Religiöses

Die Heilige mit dem Bart

Die Heilige mit dem Bart

 

Die Conchita ist ja nicht wirklich eine moderne Erscheinung. Schon vor mehr als 500 Jahren gab es ein Weib, das zur Ehre der Altäre gelangt ist – die heilige Wilgefortis, auch Heilige Kümmernis genannt. Sie war – nach der Legende – eine Königstochter, die heimlich das Christentum angenommen hatte. Ihr Vater, ein strammer Heide, wollte sie mit einem ebenfalls heidnischen Prinzen zwangsverheiraten. Das lief dem Glauben der Braut aber zuwider, die in ihrer Not himmlischen Beistand erflehte, der ihr auch in ungewöhnlicher Weise zuteil wurde – es wuchs ihr ein Bart.

Solcherart entstellt floh sie der präsumtive Bräutigam von Entsetzen geschüttelt. Die Hochzeit fiel ins Wasser. Das hatte natürlich entsprechende Folgen: der empörte und verständnislose Vater ließ die bärtige Tochter ans Kreuz schlagen und dergestalt hinrichten. Von Toleranz also (noch) keine Spur.

Zitat aus einem Morgenstern-Gedicht: „Und Sankt Anton gerufen eilig/sprach nichts als: „heilig, heilig, heilig!“

Sankt Anton war es nicht, aber heiliggesprochen wurde die Bart-Jungfrau dennoch. Der grausliche Bart hat ihr geholfen, ihre Tugend und Unschuld zu bewahren. Das verdient himmlische Anerkennung.

Bei unserer Königin der Herzen, der Conchita Wurst ist das etwas anders: Eine Jungfrau ist das nicht sondern ein Mann, der sich als Frau verkleidet, die sich einen Bart hat wachsen lassen. Und Conchita will ja die prinzlichen Buben nicht abschrecken sondern eher anlocken und wahrscheinlich kommen die auch jetzt in Scharen und bereiten sich, das Bett des Bart-Weibes vorzuwärmen, wobei sich die Frage erhebt, ob die entsprechenden Herren den Bart als erotische Anregung überhaupt wahrnehmen können, weil ja normalerweise die angestrebte Begegnung nicht von Angesicht zu Angesicht erfolgen wird, sondern auf die in diesen Kreisen übliche und praktikable.

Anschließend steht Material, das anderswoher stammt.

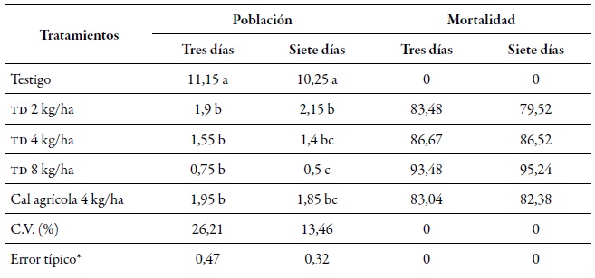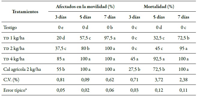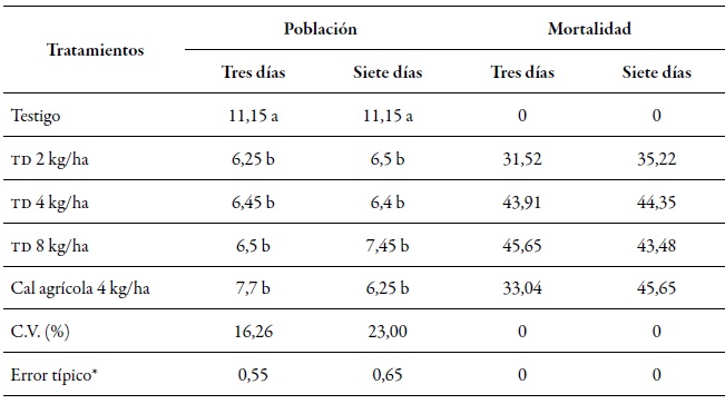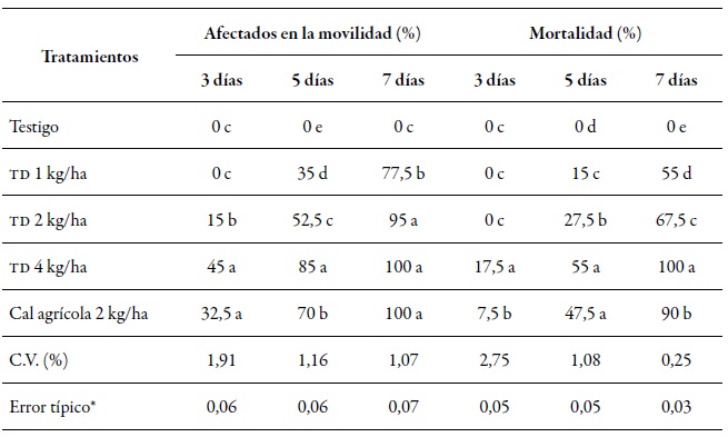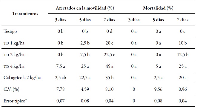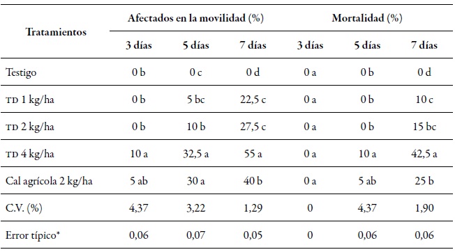 Todos los tratamientos mostraron diferencias significativas con respecto al testigo, pero los que mayor mortalidad ofrecieron fueron td a 4 kg/ha, cal agrícola a 2 kg/ha y td a 2 kg/ha (tabla 3).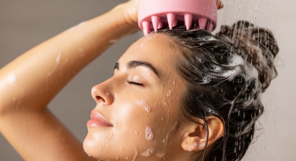 A scalp massager improves the circulation, tension and improves the shampoo or oil treatments. It is very relaxing and helps grow hair healthier thus it is a simple yet effective supplement to a spa day dedicated to the wellbeing of the whole body.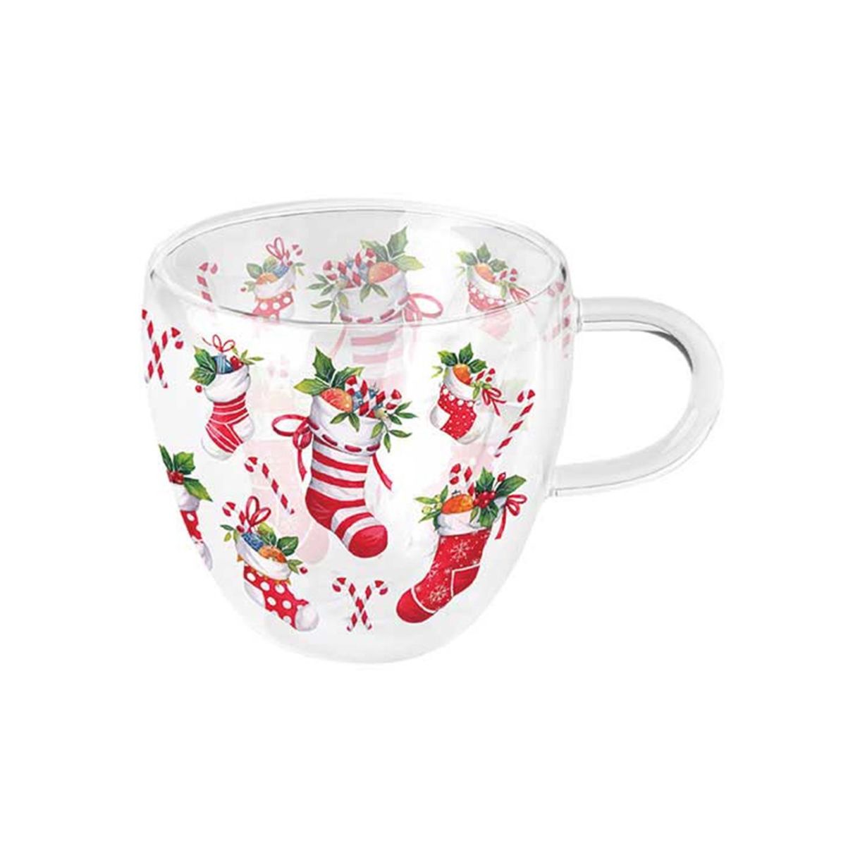 Двустенна стъклена чаша X-MAS STOCKINGS WHITE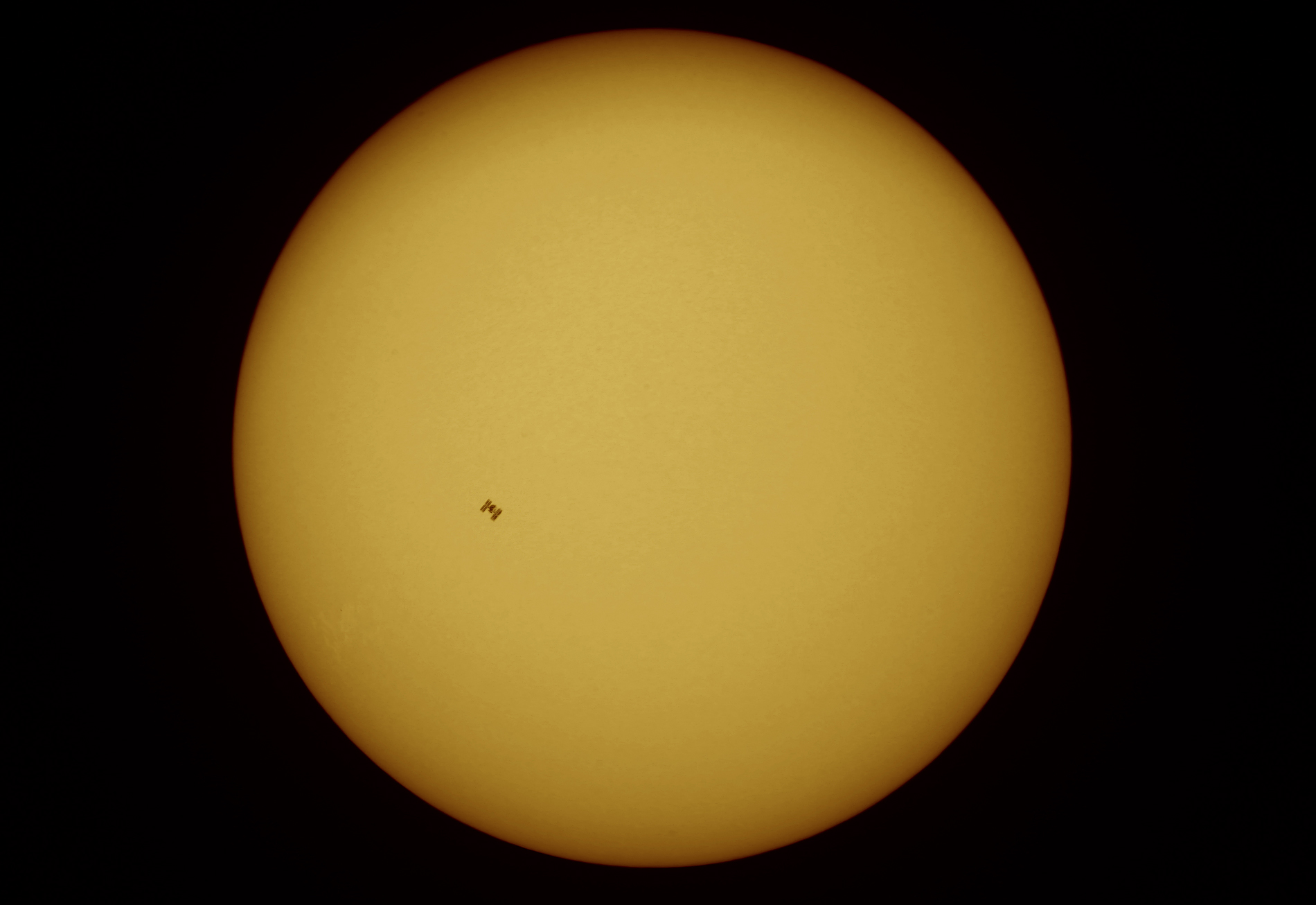An ISS transit under poor conditions. 115mm refractor, Canon 6D, Herschel Wedge.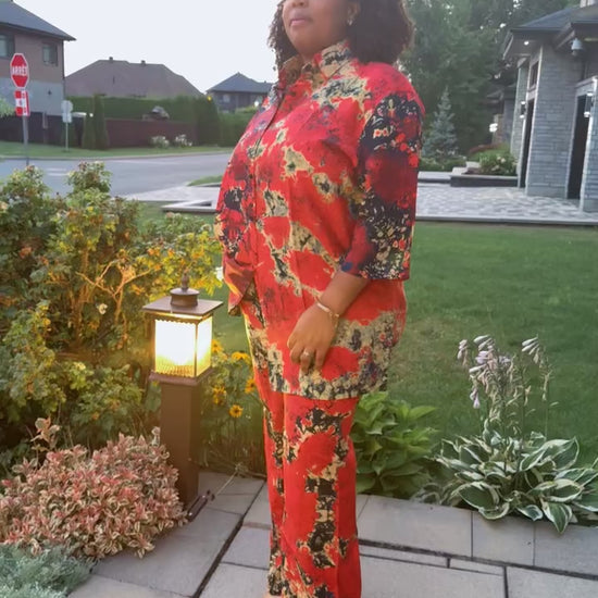 XL - XXL - Chemise & Pantalon - Rouge Floral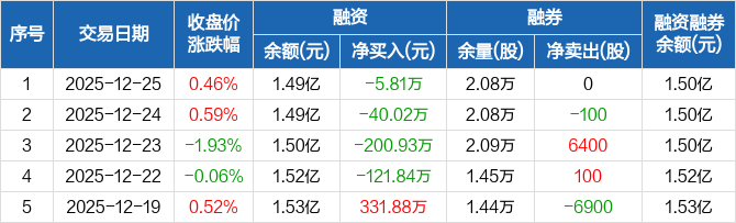 康泰医学:连续4日融资净偿还累计368.6万元(12-25)

Damit schließe ich erst einmal das Kapitel „Wurst“ obwohl über das Ende der Toleranz, das durch ihren Erfolg eingeläutet worden ist, noch zu sprechen sein wird.

 

P.S.: Noch eine zweite bärtige Heilige gibt es: die heilige Galla, der zwar kein Bart gewachsen ist, die sich aber einen umgehängt hat, um die zudringlichen Männer abzuschrecken, was ihr auch gelang. In unserer heutigen Zeit wäre aber die Bartgeschichte ein herber Fehlschlag geworden, weshalb ich von dieser Methode dringend abrate.

Heute würde es genügen, bei den Grünen einzutreten und für die EU zu kandidieren. Soll wunderbar funktionieren. Die Genderinnen wird man aber damit nicht loswerden. Nicht allen macht das etwas.